Latest revision as of 08:09, 6 June 2020


The branch of probability theory in which one studies mathematical models of various kinds of real queues (cf. Queue). These models are presented as random processes of a special form, sometimes called service processes. The definitions of these processes are most often descriptive, since their formal construction is very complicated and not always effective.

Queueing theory mainly uses the apparatus of probability theory. The fundamental problems of queueing theory usually are these: Based on "local" properties of the random processes under discussion, study their stationary characteristics (if they exist) or the behaviour of these characteristics over a long period of time. One of the main aims of research in this area is the choice of a preferable organization for a queueing system.

For example, for a typical object of queueing theory such as an automatic telephone exchange (see Queue with refusals) one of the basic characteristics is the proportion of calls lost, that is, the limit $ p $, as $ t \rightarrow \infty $( if it exists), of the ratios $ r ( t) / e ( t) $ of the number $ r ( t) $ of calls lost up to time $ t $ to the number $ e ( t) $ of calls which arrived up to the same time. Here the distribution of the time intervals $ \tau _ {1} ^ {e} , \tau _ {2} ^ {e} \dots $ between the arrivals of calls and the distribution of the service times $ \tau _ {1} ^ {s} , \tau _ {2} ^ {s} \dots $ of these calls are assumed to be known. The assignment of the distribution of a random (control) sequence $ \{ {\tau _ {j} ^ {e} , \tau _ {j} ^ {s} } : {j = 1, 2 ,\dots } \} $ together with the description of an algorithm of how the queue evolves form the initial data, characterizing the "local" properties of the service process.

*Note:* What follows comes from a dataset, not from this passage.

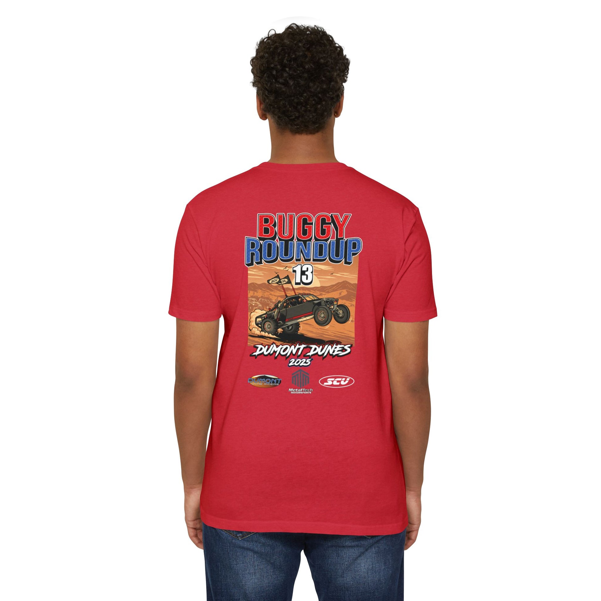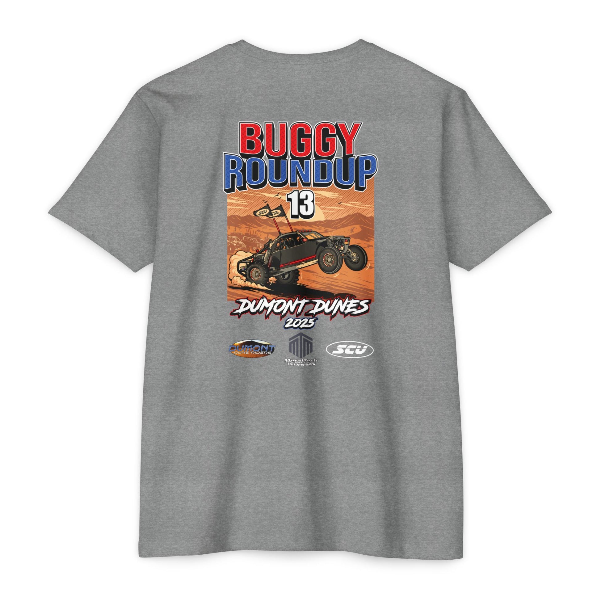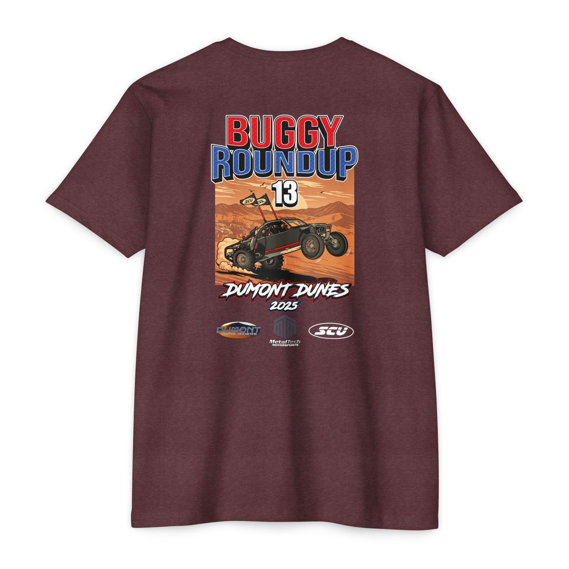 We went with a bold desert scene, an SCU sandcar throwing roost, and clean Buggy Roundup branding. Back print is full-size, front has a small logo. Printed on many different color tees that are soft, durable, and perfect for wearing all season long.

Similarly, for multi-server queues (cf. Queue, multi-channel with waiting) one studies the limit as $ n \rightarrow \infty $ of the distributions of the probabilities $ {\mathsf P} \{ w _ {n} < x \} $ and $ {\mathsf P} \{ q _ {n} < x \} $ for the time $ w _ {n} $ which the $ n $- th call arriving in the system has to wait before the beginning of its service and the queue length $ q _ {n} $ at the time of its arrival. The limit distribution $ \lim\limits _ {t \rightarrow \infty } {\mathsf P} \{ q ( t) < x \} $ for the queue length at time $ t $, etc., are also discussed. Here, again, the initial data are the assignment of the control sequences (the distribution of the intervals of service times) and the algorithm defining the operation of the queue.

For relatively simple queues, and under certain assumptions on the control sequence, the required characteristics can be found by analytic methods. However, the number of such systems is not large. The nature of the conditions imposed on the control sequence can be demonstrated by the example of a queue with refusals (an automatic telephone exchange). Let 1) the random variables $ \tau _ {j} ^ {e} $ be exponentially distributed:

$$ {\mathsf P} \{ \tau _ {j} ^ {e} > x \} = e ^ {- \alpha x } ,\ \alpha > 0, $$

that is, the input stream is Poisson; 2) the variables $ \tau _ {j} ^ {s} $ be independent and identically distributed and not dependent on $ \{ \tau _ {j} ^ {e} \} $. Then the probability of refusal $ p $, defined above, exists and is equal to

$$ p = \ \frac{\rho ^ {n} }{n!} \left ( \sum _ { k= } 0 ^ { n } \frac{\rho ^ {k} }{k!} \right ) ^ {-} 1 , $$

where $ \rho $ is the ratio of the mathematical expectations:

$$ \rho = \ \frac{ {\mathsf E} \tau _ {j} ^ {s} }{ {\mathsf E} \tau _ {j} ^ {e} } = \alpha {\mathsf E} \tau _ {j} ^ {s} . $$

For this system, if one of the conditions 1) or 2) fails, then the search of explicit formulas for $ p $ becomes very complicated or even impossible.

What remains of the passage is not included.